IG: Coding error is key to delays on tax database
- By Mary Mosquera
- Jul 31, 2003
'These delays are particularly disturbing, especially since the General Accounting Office continues to view modernization as a high-risk area.'
'IRS Commissioner Mark Everson
J. Adam Fenster
The latest delay in rolling out a modernized IRS database can be traced back to a contractor mistake made two years ago, a Treasury Department auditor says.
The tax agency last month pushed back deployment of the Customer Account Data Engine to the 2004 tax filing season, around March or April. The move follows several delays since 2001 that have postponed the system.
CADE is designed to replace the 40-year-old magnetic tape Master File with a relational database to hold the records of more than 200 million taxpayers. The IRS will be able to update CADE in real time rather than have to submit files for batch processing, as it does for the Master File.

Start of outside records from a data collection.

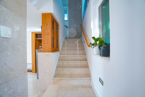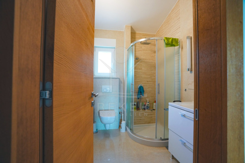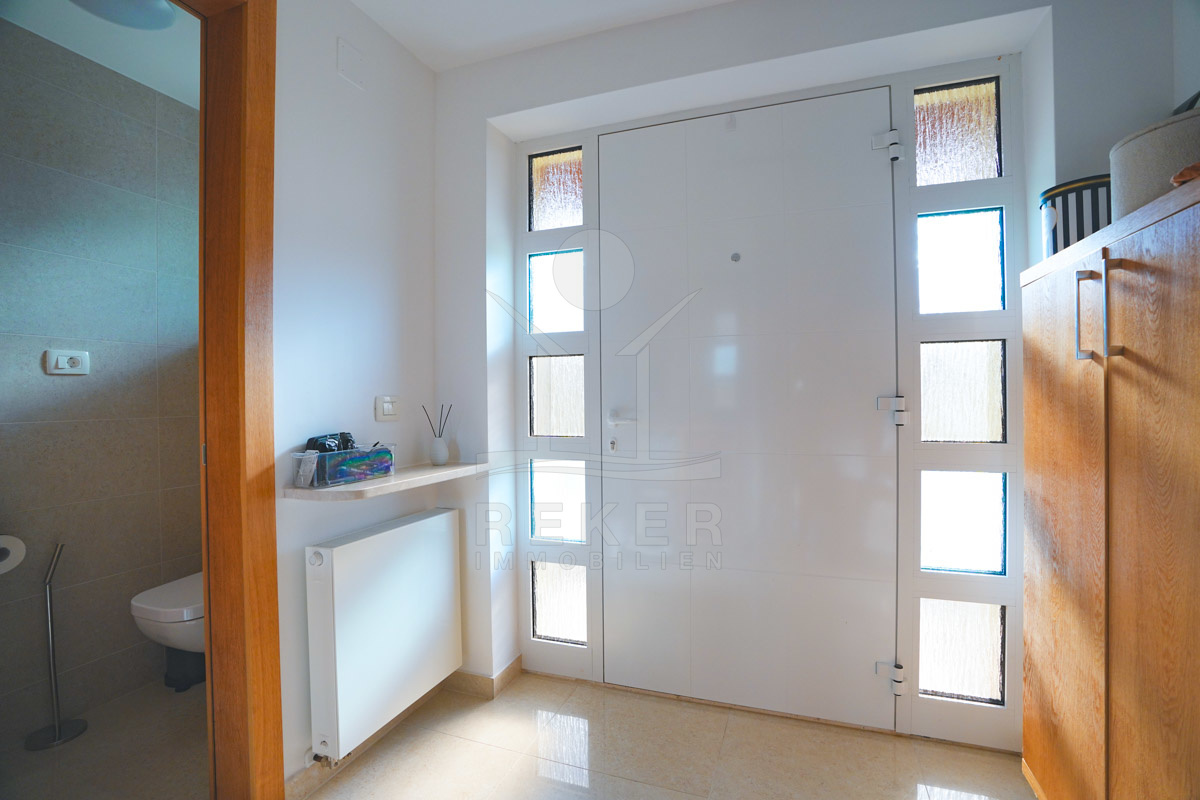 Über eine interne Treppe erreichen Sie das Obergeschoss mit 60 m². Hier befinden sich ein Flur, drei geräumige Schlafzimmer und ein weiteres Badezimmer. Die letzte Anpassung erfolgte im Jahr 2015. Zur Ausstattung gehören Fußbodenheizung in Küche und Wohnzimmer, eine Klimaanlage sowie eine Ölzentralheizung.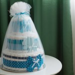 - Puedes añadir en el medio de la tarta, justo en el espacio que deja el tubo de cartón, algún que otro detalle para el bebé (un peluche, una cremita de bebé, unos geles o cualquier otro utensilio o detalle para el peque). De esta forma, tu regalo será mucho más original y personalizado.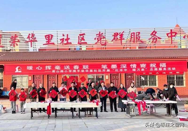 1月11日下午,接到區(qū)融媒體中心的電話,《棗莊之窗》小編驅車來到榮華里社區(qū),感受這里不一樣的年味氣氛。來到社區(qū)大院,看到書法愛好者、社區(qū)紅馬甲、學生們,還有周邊的社區(qū)居民早早來到大院忙乎了起來,你搬案桌,我裁紙,他研墨水,準備著一場書寫春聯(lián)的筆墨盛會。

The lead contractor for the IRS Business Systems Modernization, Computer Sciences Corp., made costly errors in developing CADE, said Margaret Begg, acting assistant inspector general for audit and information system programs with the Treasury Inspector General for Tax Administration.

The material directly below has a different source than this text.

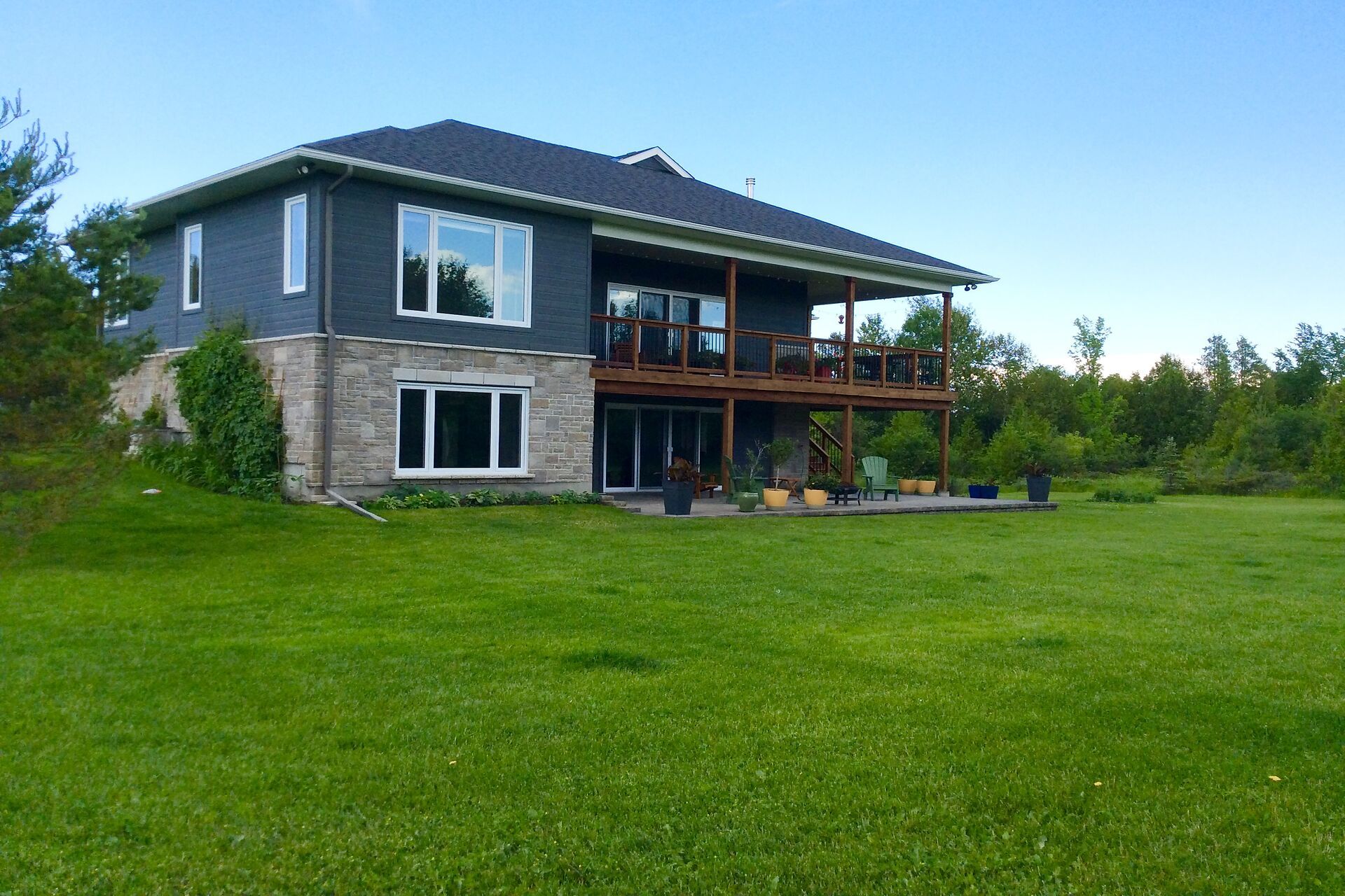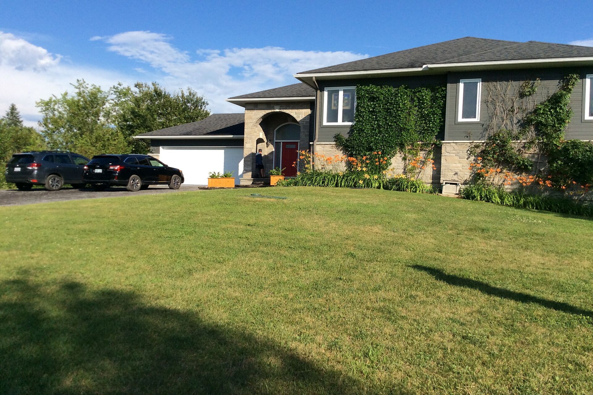 Welcome to an exceptional 2-acre estate backing directly onto greensmere golf club, offering rare privacy and premium outdoor living just minutes from kanata. This bright and beautifully updated and maintained 3-bed, 3 full bath home features a thoughtfully designed open-concept layout ideal for both everyday living and entertaining. The sun-filled main level showcases rich hardwood flooring throughout and a spacious living area anchored by a cozy gas fireplace. The chef inspired kitchen boasts stainless steel appliances, a gas stove, solid surface countertops, and generous prep and storage space. The fully finished walk-out basement expands your living space with direct access to the backyard oasis, perfect for multigenerational living, entertaining, or relaxing. Step outside and experience resort-style living at its finest. The private backyard features a heated in-ground saltwater pool, hot tub, gazebo, and covered porches that invite you to unwind and enjoy the peaceful surroundings. With no rear neighbours, the setting is both tranquil and picturesque. A large shed provides additional storage for tools, toys, and seasonal equipment. Located just 10 minutes from kanata's shopping, schools, dining, and tech corridor, this property offers the perfect balance of rural privacy and urban convenience.

CSC underestimated the complexity of the process and may still, Begg said.
CSC two years ago failed to include 30,000 lines of code that would let the Master File program work with CADE, which led to the first major delay in 2001, she said. 'The reconciliation part of the balancing and control program is probably the root cause of the CADE delays,' Begg said, referring to the process in the Master File program in which records are posted and checked for accuracy.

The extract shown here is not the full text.